The measures in the Anti-Terrorism Bill (No. 2) 2005 are no exception - their predominant purpose is to make people feel better. Their effect on the actual risk of death from terrorist attack is likely to be too small to measure, if not zero. A stupid terrorist without an understanding of principles of operational secrecy will get caught anyway - that much is guaranteed. But a smart terrorist operation leader will factor in any new laws and make adjustments to their compartmentalisation and secrecy strategies to ensure that they never come on the radar of police and security agencies.
The problem for Senator Vanstone is that she has strayed from the Prime Minister's script. That's fine for a backbencher like Senator Joyce, but Senator Vanstone is a Cabinet Minister - on accepting an appointment as a Minister of State, she agreed to maintain Cabinet solidarity. This is, quite literally, a Faustian bargain - in order to obtain a position of power, the Minister agrees that the public interest comes second to the interest of the Cabinet in maintaining a united front.

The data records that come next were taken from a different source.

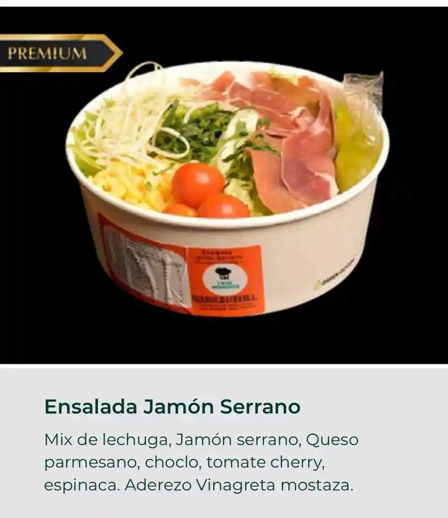 Mix de lechuga, Jamón serrano, Queso parmesano, choclo, tomate cherry, espinaca. Aderezo Vinagreta mostaza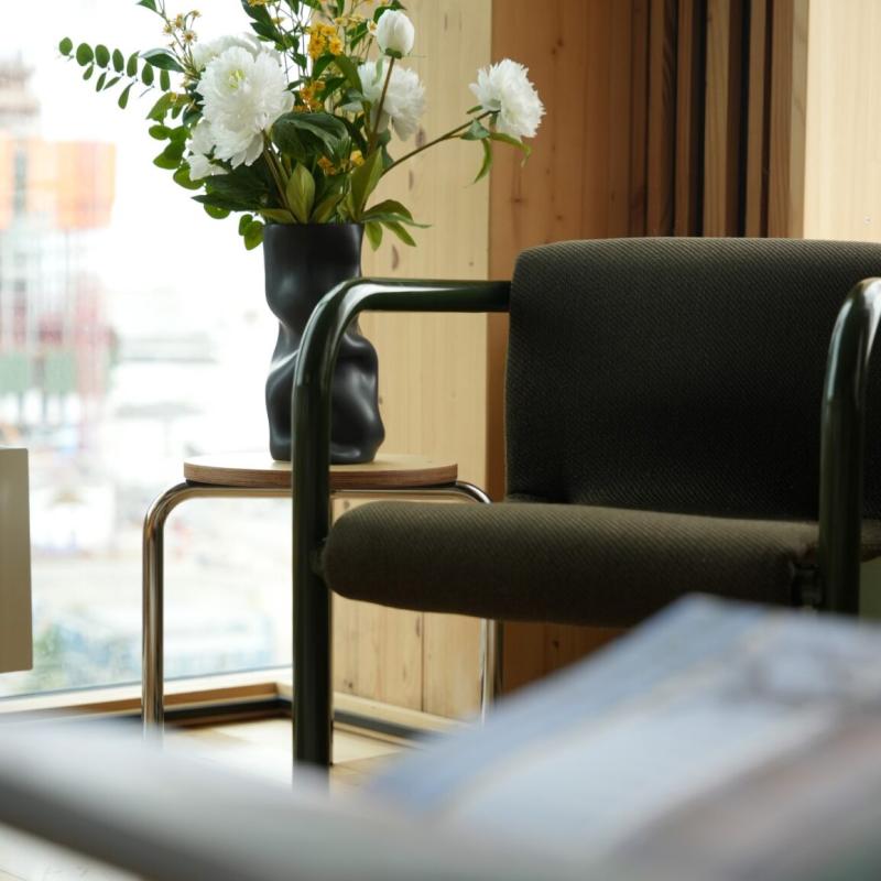 Det industrielle stel i genbrugsstål kombineret med det bløde polster i upcyclet uld og tekstiler giver FM 623 et moderne og bæredygtigt præg. Designet er produceret i Danmark og fås i fem farver, der kan kombineres på tværs af stel og polstring, så stolen nemt tilpasses individuelle præferencer – både som konferencestol og loungestol.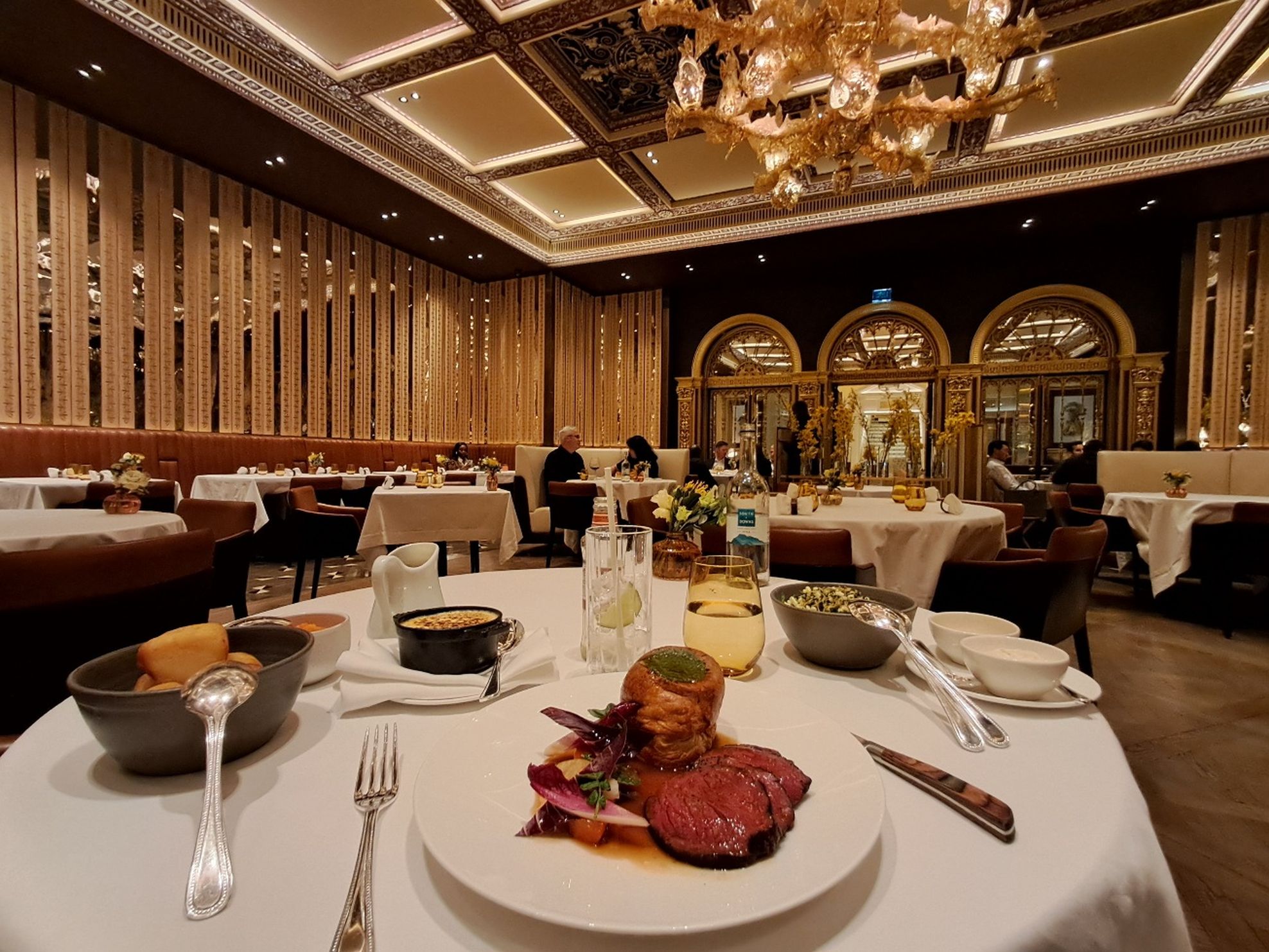 Trailing off The Promenade are entrances to The Grill, Vesper Bar, the three-Michelin-star Alain Ducasse at The Dorchester and restaurant China Tang. Whether you’re staying in-house or not, a London must-do is to partake in Sunday roast lunch at The Grill by Tom Booton. The restaurant is all bronzes and browns, with parquet flooring and a stunningly spidery chandelier. The Grill by Tom Booton is a celebration of bold British cuisine, classic dishes with a tasty and modern twist, from this red-hot Essex chef who is shaking Britain’s old standards. For a starter, I plumped for a cheese & onion doughnut with grape chutney. Unbelievably good! Miguel had warned me to pack a big appetite – and he wasn’t wrong, because the surfeit of sides that accompanies your main is astronomical.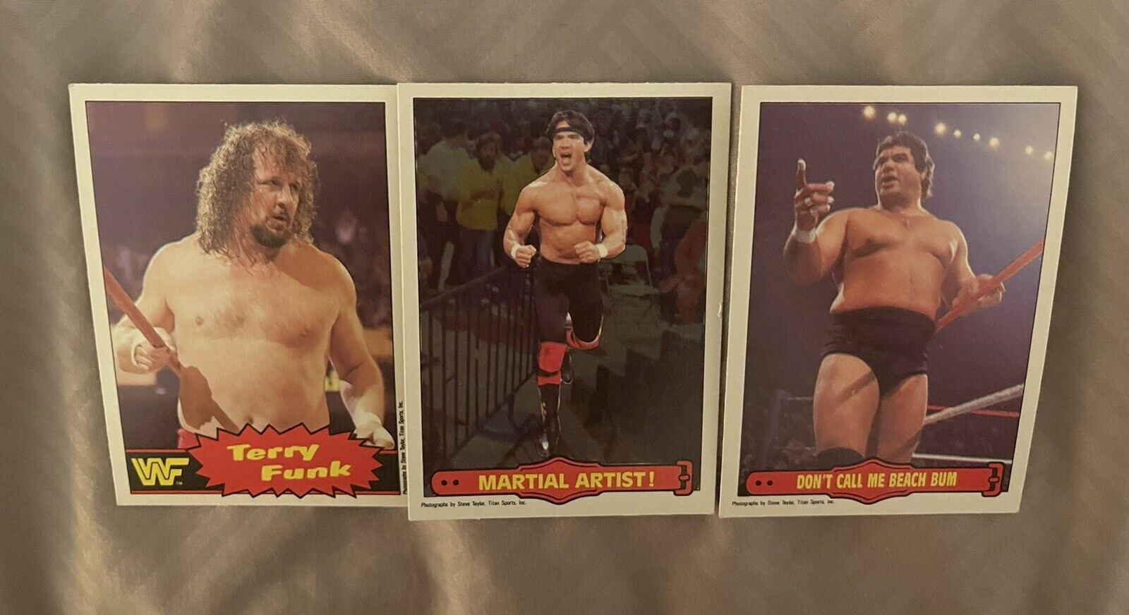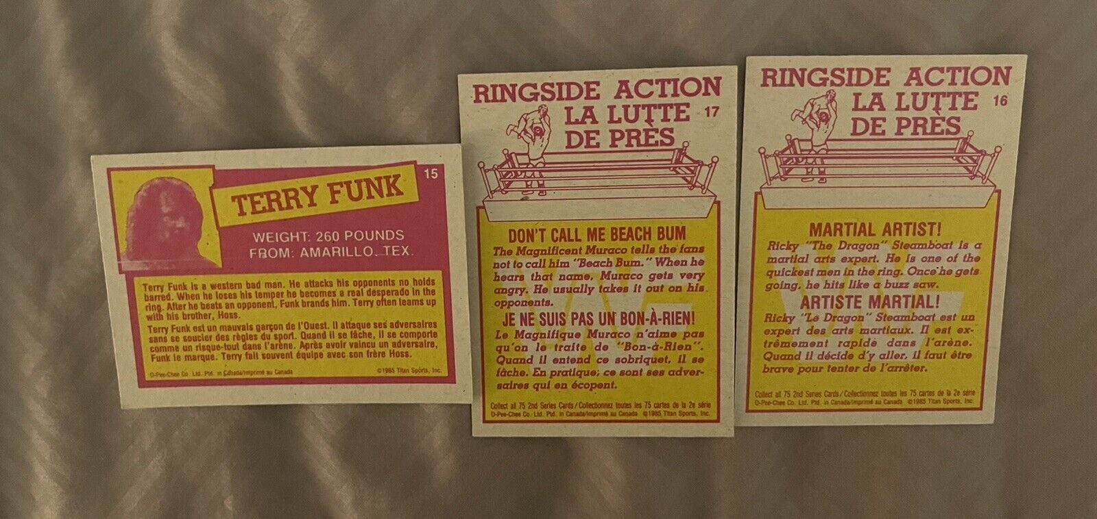 WWF O Pee Chee cards #15 Funk, #16 Martial artist#16, #17 Beach Bum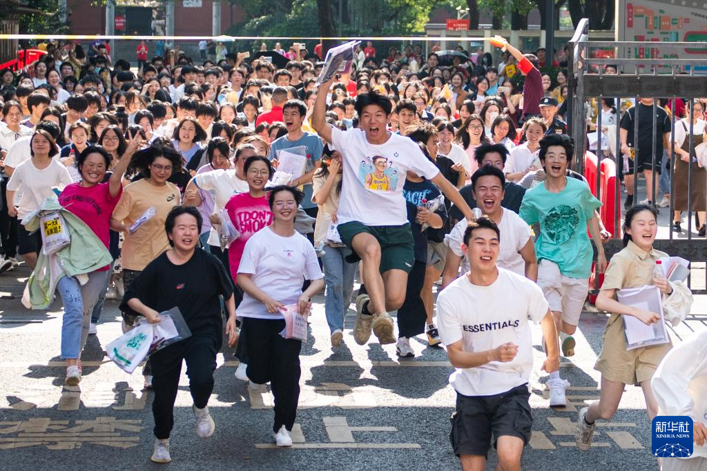 2023年6月9日,在长沙市第一中学考点,考生在高考结束后庆祝。
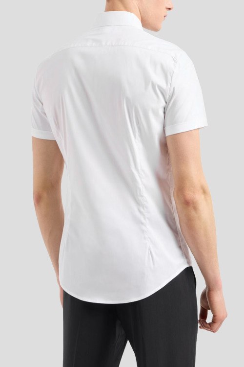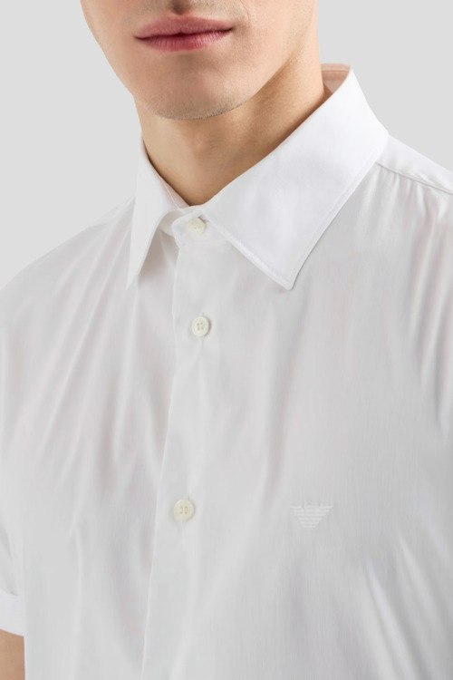Детали: Мужская белая хлопковая рубашка от Emporio Armani (Эмпорио Армани). Вышитый логотип на груди, отложной воротник, застежка на пуговицы, короткий рукав, закругленный нижний край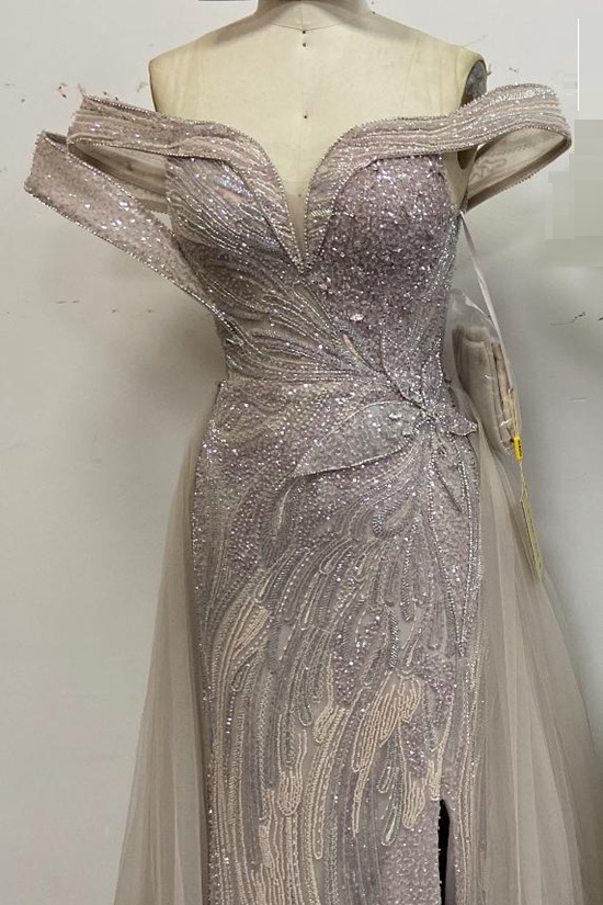CONTENTS | Off the shoulder sweetheart neckline, beaded details, leg slit & overskirt |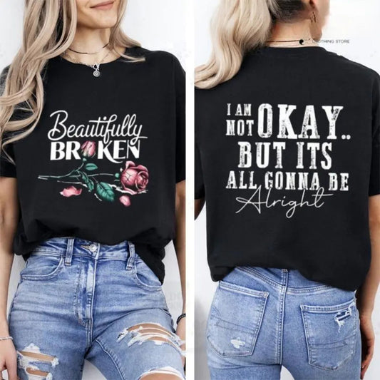"Beautifully Broken, Not Okay" T-Shirt - Trendy Mental Health Awareness Tee, Empowering Women's Gift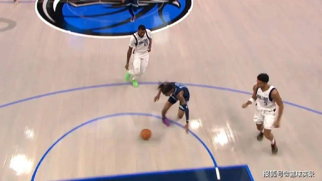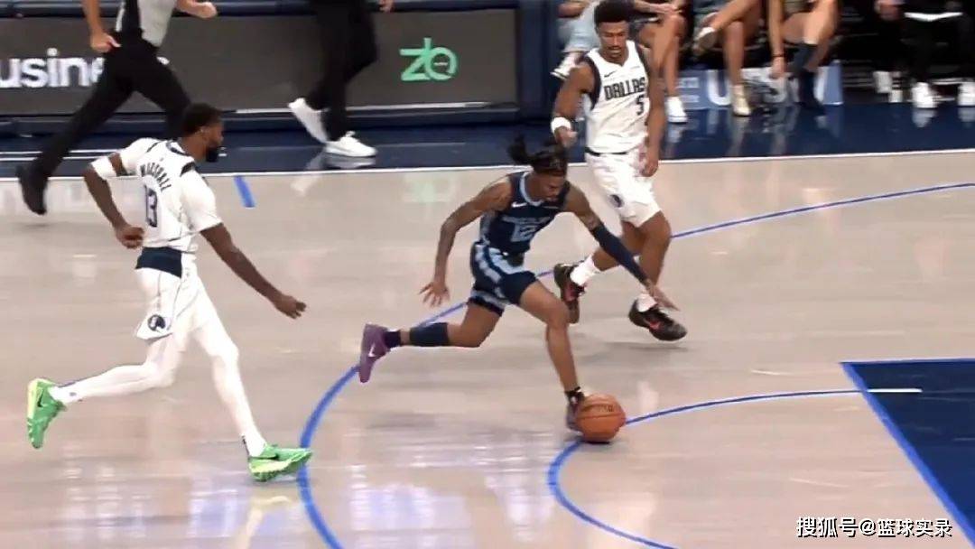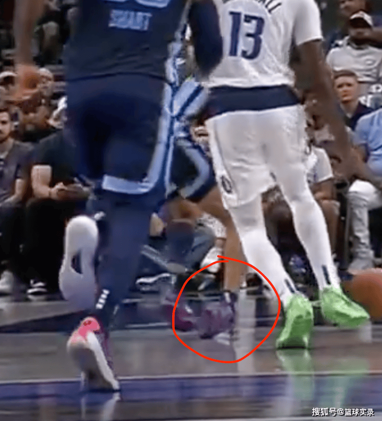 独行侠快攻,马绍尔击地传球,结果球砸在了回防的莫兰特脚上,慢动作看,这一球直接砸到莫兰特崴脚。

If they find themselves placed in a position where they cannot do that, they are required to resign so that somebody who is less constrained by a sense of duty to the public can be appointed in their place.
Since the duty of solidarity is owed to the Cabinet, such a resignation is owed only to the Cabinet, and it is not for the opposition to call for the resignation in such circumstances - nor is it for a Government back-bencher to call for the resignation. Given that De-Anne Kelly has not been asked to resign over recent comments that seemed supportive of Senator Joyce's opposition to elements of Government policy, it seems unlikely that Senator Vanstone will be asked to resign for her comments this week.
That she is unlikely to be asked to resign is a good thing. Cabinet solidarity has the potential to be a cancer on democracy. Requiring people who hopefully have entered politics in order to serve the public, to then turn around and put the interests of their colleagues ahead of the interests of the public, is an abominable limitation that in my view seriously disrupts the ability of the Government to achieve objectively correct outcomes.